Cooperativa 3/5

A las 9 de la mañana, una enfermera tocó en la puerta:

-¿Puedo pasar? Vengo de cuneros. Traigo a su hijo.
-¡Hijo!

Entonces entró Tere empujando un carrito de servicio. En la plataforma de arriba, un mini ser humano enrollado como burrito dormía en paz.

-Algunas indicaciones: el bebé está muy bien así que no hay nada de qué preocuparse. Ya le dimos de comer y se quedó dormido. Estoy en la extensión 1422 para cualquier cosa.
-Okok, muchas gracias. Pregunta: ¿qué onda con la cambiada?
-¿De pañal? Ya lo acabamos de cambiar.
-Okok… bueno. Gracias.

Y se fue. Luego se hizo un silencio.

Recién cocinado

Pagaría por ver esos siguientes minutos en video: dos tipos observando a un tercero, pero pequeño. Especialmente, me gustaría ver nuestras caras. Y más en concreto, qué más reflejaban además de cansancio.

Vivi seguía aturdida pero me pidió que le acercara el carrito con la personita:

-Está diminuto. Y qué risa que lo envolvieron como a un taquito.

Lo vimos por varios minutos y dijimos que ni nos atrevíamos a cargarlo: se veía en demasiada paz.

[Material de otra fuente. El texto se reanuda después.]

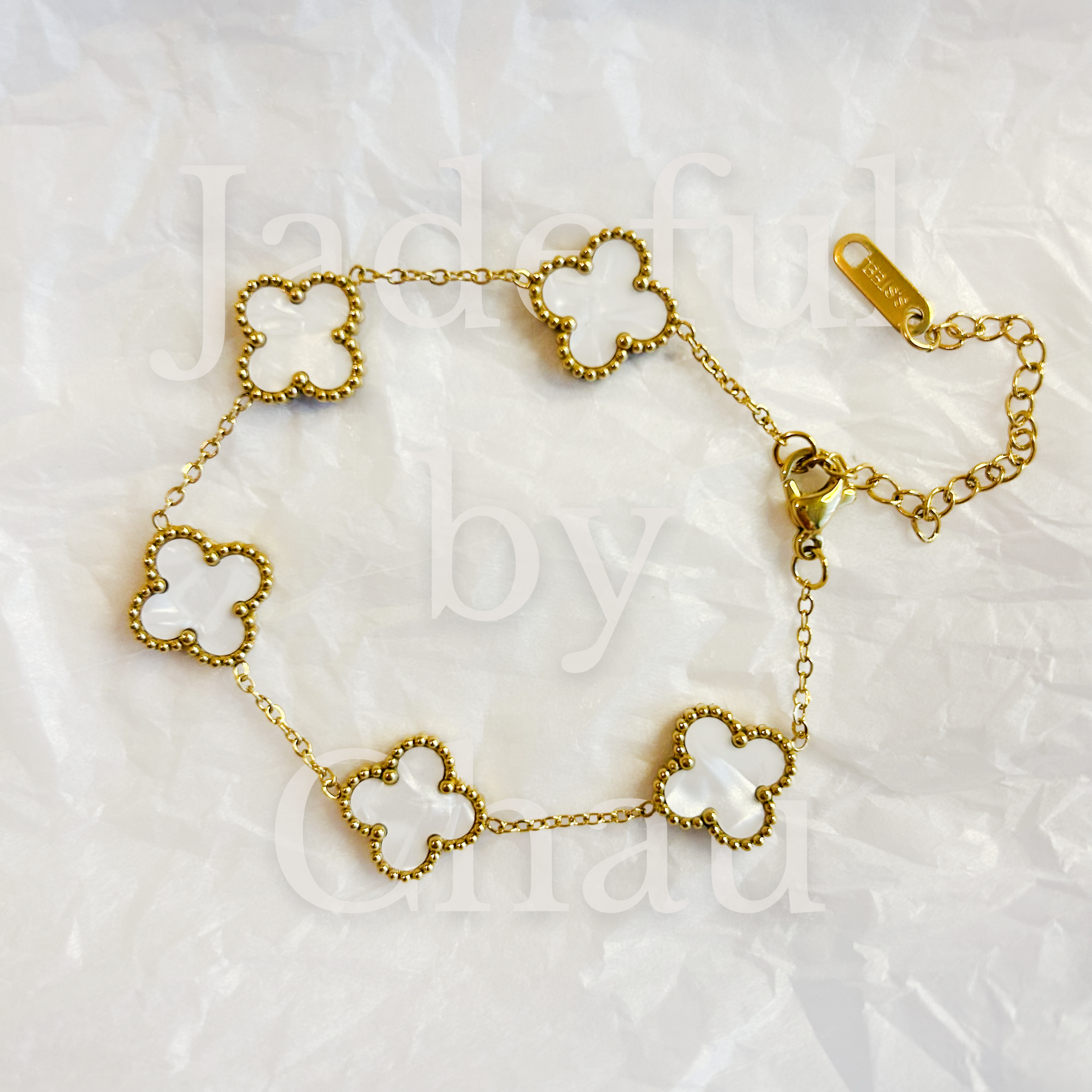 The CLOVER bracelet in mother-of-pearl white This bracelet combines delicate design with high-quality craftsmanship. Made of 18k gold-plated stainless steel, it features five filigree clover pendants with a faux mother-of-pearl finish. The gentle shimmer of the pendants lends the bracelet an elegant touch – subtle yet striking. Thanks to its water-resistant and rustproof quality, this piece of jewelry remains beautiful even with daily wear.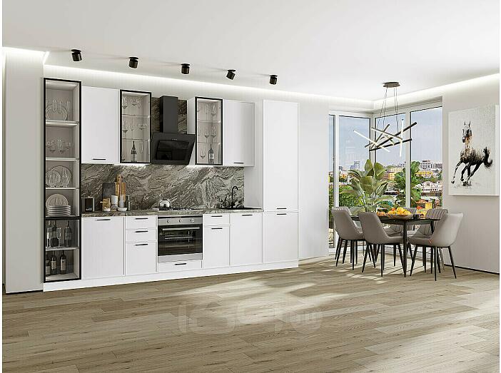 Модульный кухонный гарнитур Фрейм-06 White Silk/Белый 2340x3400x600 Полки стекло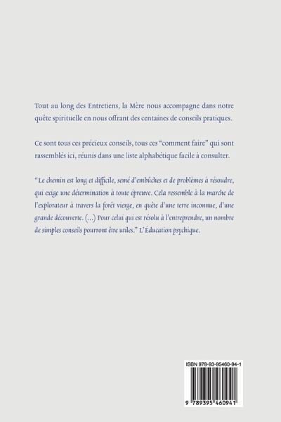 Tout au long des Entretiens, la Mère nous accompagne dans notre quête spirituelle en nous offrant des centaines de conseils pratiques. Ce sont tous ces précieux conseils, tous ces "comment faire" qui sont rassemblés ici, réunis dans une liste alphabétique facile à consulter. "Le chemin est long et difficile, semé d'embûches et de problèmes à résoudre, qui exige une détermination à toute épreuve. Cela ressemble à la marche de l'explorateur à travers la forêt vierge, en quête d'une terre inconnue, d'une grande découverte. (...) Pour celui qui est résolu à l'entreprendre, un nombre de simples conseils pourront être utiles." L'Éducation psychique.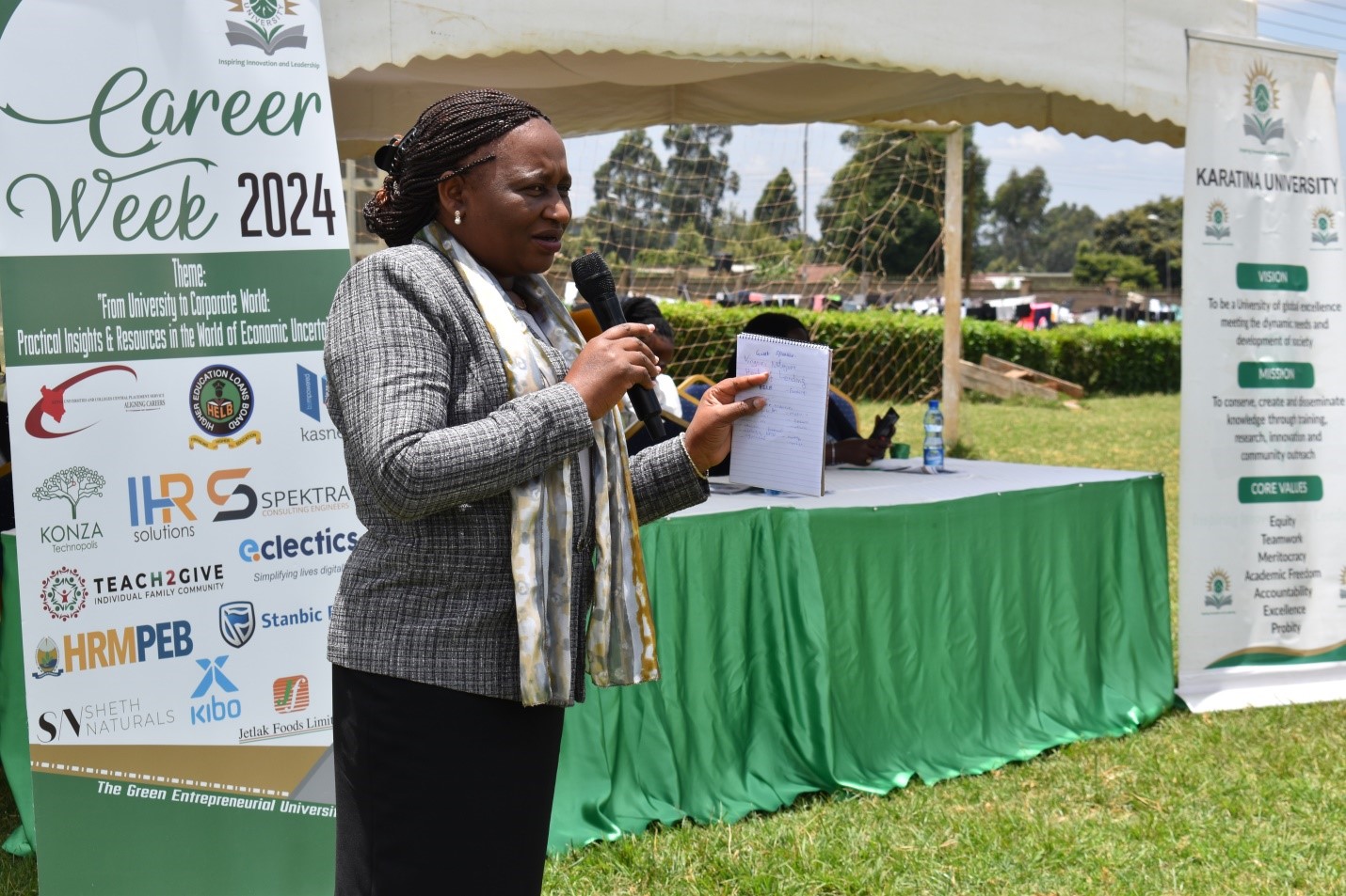 The Ag DVC ARSA Prof Hellen Kamiri addressing the audience during the launch of the 12th Career Week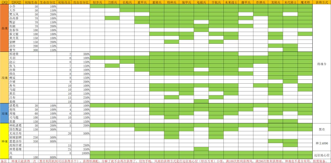 这个最初是想更新一下兵种的初始属性的,老表有几个都不对了,然后又加了将魂推荐和常规极限属性要求,算是个三合一表。

Luego nos pudimos a hablar sobre quién iría a lo largo del día. Le pregunté a Vivi que cómo se sentía y me dijo que tenía algo de náusea. Nos olvidamos del bebé.

Pero al ratito nuestro hijo se despertó: lo notamos porque empezó a hacer ruido y a moverse.

Me acerqué y le dije cosas -seguramente sin sentido- sin ningún efecto. Eventualmente, la cara del dude se arrugó hasta convertirse en un gesto de sufrimiento. Entonces abrió la boca y…

-Waaaaaaaaaa

Sentí como si me hubieran llegado 2000 mensajes de whatsapp, 39 llamadas, 400 mails al mismo tiempo, y como si el foquito rojo de la Blackberry se hubiera encendido miles de veces en 1 segundo, y como si toda la pobreza del mundo se me hubiera presentado frente a mí, y como si me hubiera quedado sin gasolina en camino a una junta importantísima. En resumen: sentí muchísima ansiedad y frustración porque sabía que YO era el responsable de resolver eso.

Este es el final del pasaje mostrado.